Magnetic field and magnetic induction spatial distribution and stress-magnetic variation models of natural gas pipelines magnetized

Abstract

This study investigates the numerical relationship between the magnetic properties of pipeline steel and the stress-magnetic induction in natural gas pipelines through magnetic simulation and experimental research, based on multi-physical field coupling. A finite-element models for magnetomechanical interactions in natural gas pipelines, constructed from steel grades X52, X56, X60, X65, X70, and X80, was developed utilizing COMSOL Multiphysics software. The simulations were conducted under seven different internal pressures (0 MPa, 2 MPa, 4 MPa, 6 MPa, 8 MPa, 10 MPa, and 12 MPa) and three pipe diameters (300 mm, 406 mm, and 670 mm). These simulations facilitate the analysis of magnetic field and magnetic induction distributions within the spatial area of the pipelines. The study also examined the technical parameters for magnetization saturation across the various steel grades.
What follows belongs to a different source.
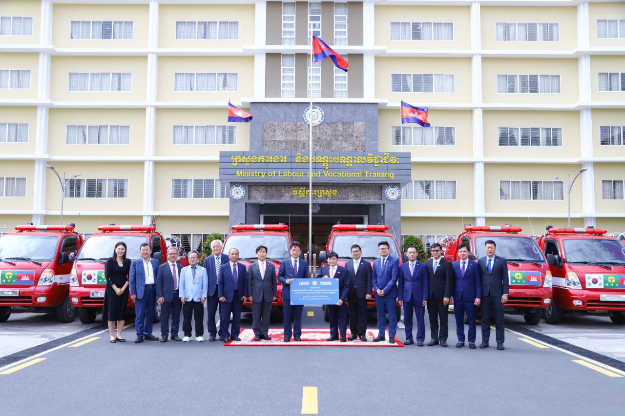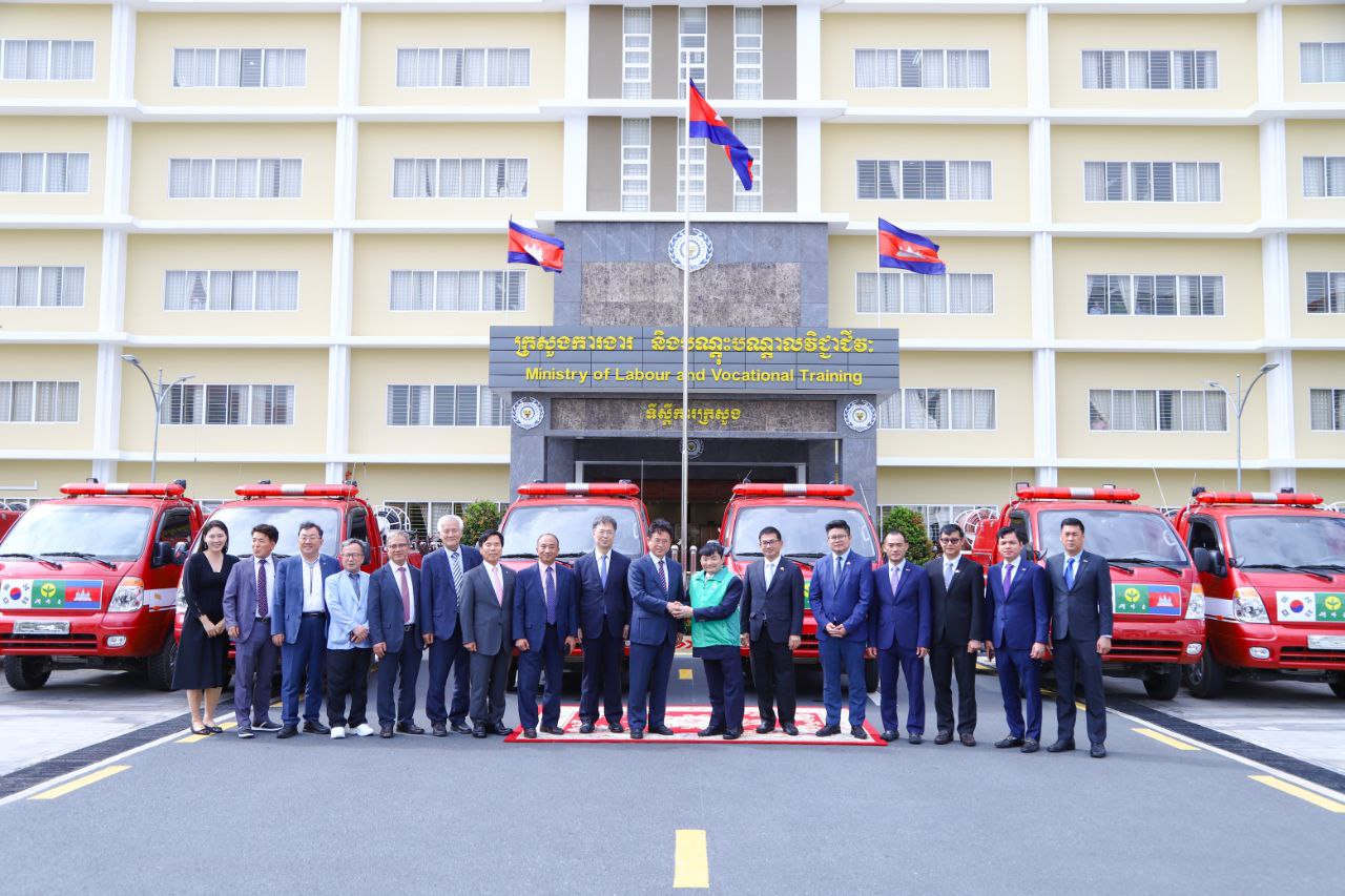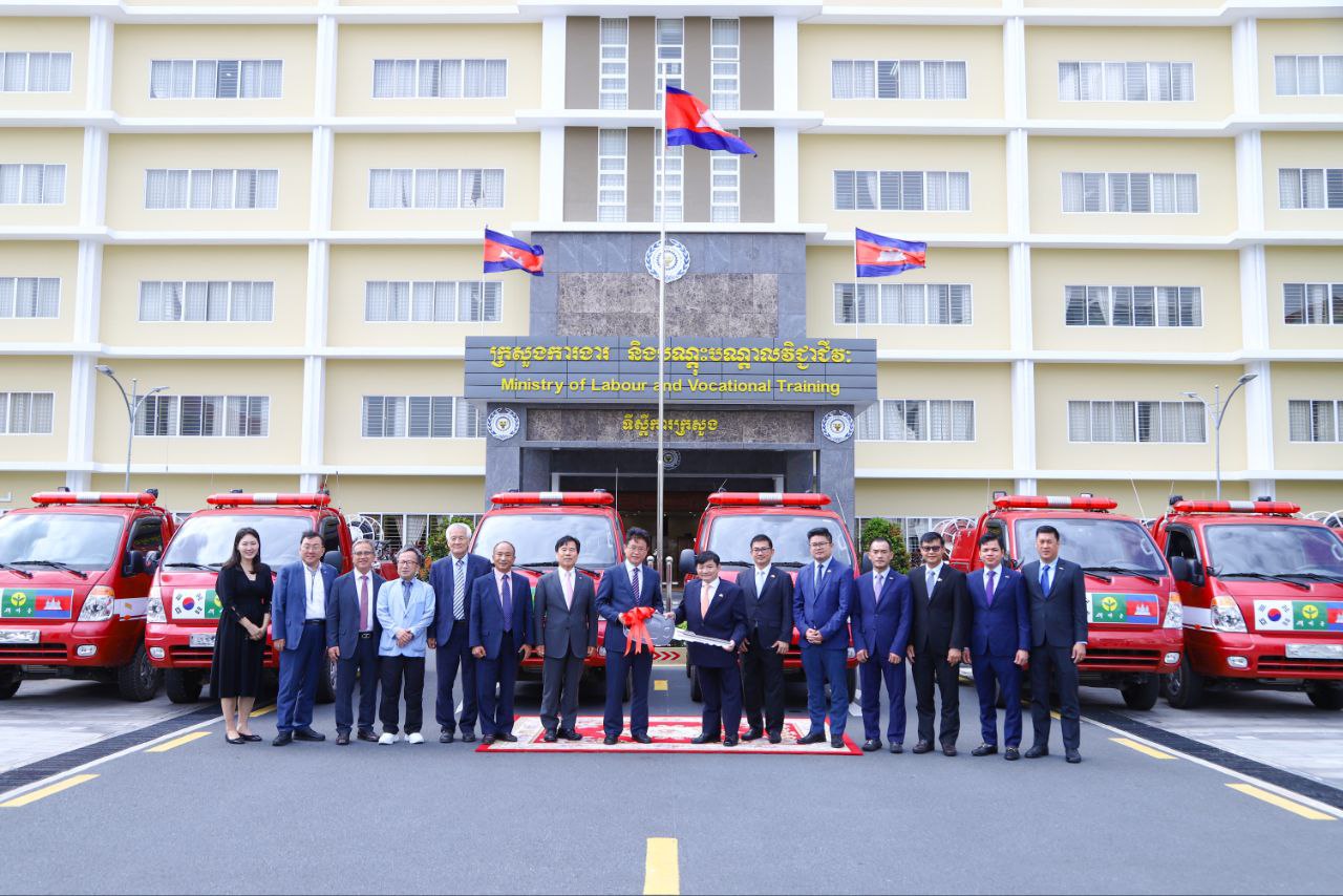 ក្រសួងការងារ និងបណ្តុះបណ្តាលវិជ្ជាជីវៈ ទទួលជំនួយរថយន្តពន្លត់អគ្គិភ័យពីខេត្តក្យង់សាំងប៊ូកដូរបស់កូរ៉េខាងត្បូង

A numerical relationship curve of stress and magnetic induction relative to pipeline length, termed the σB-L curve, was established. The reliability of the simulation results and the numerical model was validated using pipelines made from X80 and X70 steel grades. The findings confirm that the characteristics of the saturated magnetic field distribution and magnetic induction in natural gas pipelines are consistent across different steel grades. A consistent linear relationship exists between the peak internal pressure of the pipeline and the magnetic flux density. Additionally, under locally uniform magnetic fields, the trends in stress and magnetic induction density changes are parallel both along the length and across the cross-sectional direction of the pipeline. The σB-L curve accurately represents the magnetic coupling relationship. Experimental validation indicated that the σB-L curve derived from the numerical simulations provides high accuracy in assessing the magnetic-coupling stress, with a maximum error of less than 5%. This establishes a reliable theoretical basis for non-destructive, online stress detection in operational natural gas pipelines.